Re: Delta Compression and UTF-8 Header Values

Hello James, others,

On 2013/02/09 4:28, James M Snell wrote:
> One key challenge with allowing UTF-8 values, however, is that it
> conflicts with the use of the static huffman encoding in the proposed
> Delta Encoding for header compression. If we allow for non-ascii
> characters, the static huffman coding simply becomes too inefficient
> and unmanageable to be useful. There are a few ways around it but none
> of the strategies are all that attractive.

[If somebody has pointers to actual code, that would be appreciated. I 
can't work on it for the next two weeks, but after that, I should be 
able to use a day or two to see what's possible.]

For a static Huffman encoding, you have to decide what symbols you 
accept as input, give every symbol a probability (these have to add up 
to 1) and then you get the 'optimal' "comma-free" encoding using the 
algorithm devised by Huffman. Optimal is under the assumptions that the 
probabilities are correct (and independent) and that you have to use an 
integral number of bits per symbol. Arithmetic coding gets rid of the 
second restriction, to get rid of the first, one creates a more complex 
model. Comma-free just means you don't have to guess where the bits for 
one symbol end and those for the next symbol start.
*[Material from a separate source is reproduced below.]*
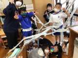 これだけたくさん、よくつないで吊るしましたね。ダイナミックな造形活動で子どもたち...
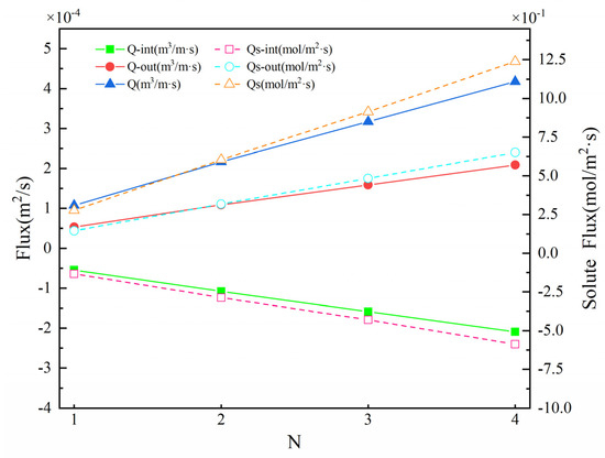 Vertical hyporheic exchange flux (Q), downwelling hyporheic flux (Qint), upwelling hyporheic flux (Qout), solute flux (Qs), downwelling solute flux (Qs-int), and upwelling solute flux (Qs-out) under different N values. The solid lines represent the hyporheic exchange flux; the dashed lines show the solute flux.

I'm not sure how the proposals came up with the probabilities, but I 
guess that was based on some data. Even though HTTP headers aren't 
English, I'd assume that 'e' has significantly higher probability than 
'Q' :-).

To make sure this works for UTF-8, the easiest way is to take bytes as 
input symbols. Some byte values with the high bit set can't appear in 
UTF-8, so these can be excluded. I'm not sure what the current proposals 
do, but I guess they also exclude many of the byte values in the C0 
range (0x00-0x1F), or at least give them very low probabilities.

A somewhat more complicated, but more efficient model would take the 
state of the UTF-8 'engine' into account, and have separate Huffman 
encoders for the various states, i.e. first byte of a character, second 
byte of a two-byte character, second byte of a three-byte character, 
third byte of a three-byte character, second/third/fourth byte of a 
four-byte character. Most if not all of the later ones can use the same 
Huffman encoder, and most probably can just assume a flat probability 
distribution and encode six raw bits (i.e. just eliminate the leading 
0b10 in trailing UTF-8 bytes).

If we think that ASCII is way more probable than UTF-8, then the only 
thing that will happen to ASCII is that one of the longest bit 
sequences, the one for the least probable ASCII byte, will get one bit 
longer. Of course, if we think that UTF-8 data is more probable, then 
there will be more changes, but these changes would be duly deserved.

Regards,    Martin.

Received on Sunday, 10 February 2013 04:32:15 UTC